Marisa was pushed to a long plank table. She didn’t look around, not wanting to see the other patients this morning. Images of Brooks kept intruding on her thoughts as she stared at the food in front of her.

“Well, don’t just sit there, your breakfast will get cold.” Brooks’s deep voice brought her head up with a start.

“You!” Marisa clenched her fists tightly together as she fought the unexpected burst of joy—and anger—that flared inside her chest. She didn’t want to be glad to see him, yet a rebellious part of her was so happy she was stunned by the intensity of feeling.

She could not let him see it. She had to push him away. “What in hell are you still doin’ here? I thought we had all of this settled.”
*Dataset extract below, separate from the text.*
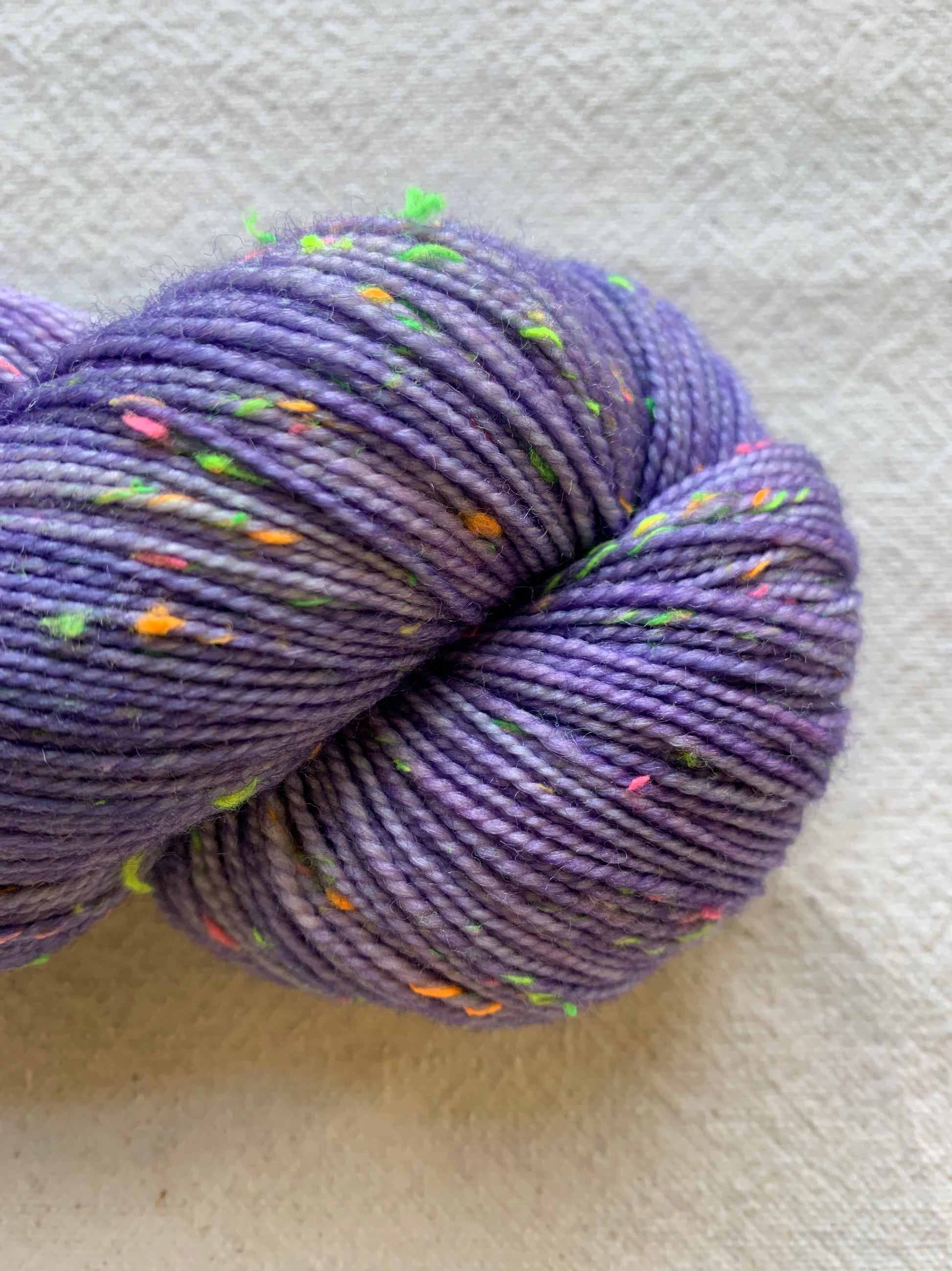 Imagine a yarn like Donegal tweed - except the flecks and neps are neon pink, yellow, and green! These colorful neps make the yarn look like confetti fell on it.

“Not by a long shot.” He crossed his arms on his chest
and stared at her down the long expanse of the table. He had shed Leland’s oversize clothes. Now a plain work shirt and Levi’s hugged his body as he casually leaned one hip against the back of a chair.

She didn’t want to notice how good he looked in the rugged apparel.

Dr. Levy breezed into the dining room and drew her attention. “Marisa, how are you this morning?” Clell and Logan were with her. Suddenly the other patients were all leaving. Those who could walk left on their own power; others were wheeled out by uniformed staff.

A suspicion of betrayal twined through Marisa’s mind.

“Which one of you told
him
where I was?” She glared at the trio. Last night she had not had an opportunity to question any of them, but now she intended to face the Judas who had led Brooks to her—and deal harshly with her betrayer.

“I did.” Logan took a step forward. “And I would do it again,” he added defiantly.

“Oh, if I could get out of this chair, I’d…” she threatened.

“Don’t take it out on Logan.” Brooks unfolded his arms and walked closer to her.

Every nerve ending sizzled, every inch of her craved his touch. She tried to deny the subtle change in her body at his nearness.

“If you want to tear into anybody, Marisa, then tear into me again. I can handle it. I can handle anything you care to throw.” He focused on her face, daring her to deny the truth. “How about a cup? There is one right beside you.” He set his jaw in a decisive way that made her want to run her fingertips over his face, to absorb his strength.

“I don’t want anything to do with you,” she blurted.
She had to stop letting her heart guide her. “I thought I made that clear. It is over between us, now just leave.” Her heart lurched as she lied. “Go find yourself a city girl that can walk at your side. Violet Ashland wants the job, go to her.”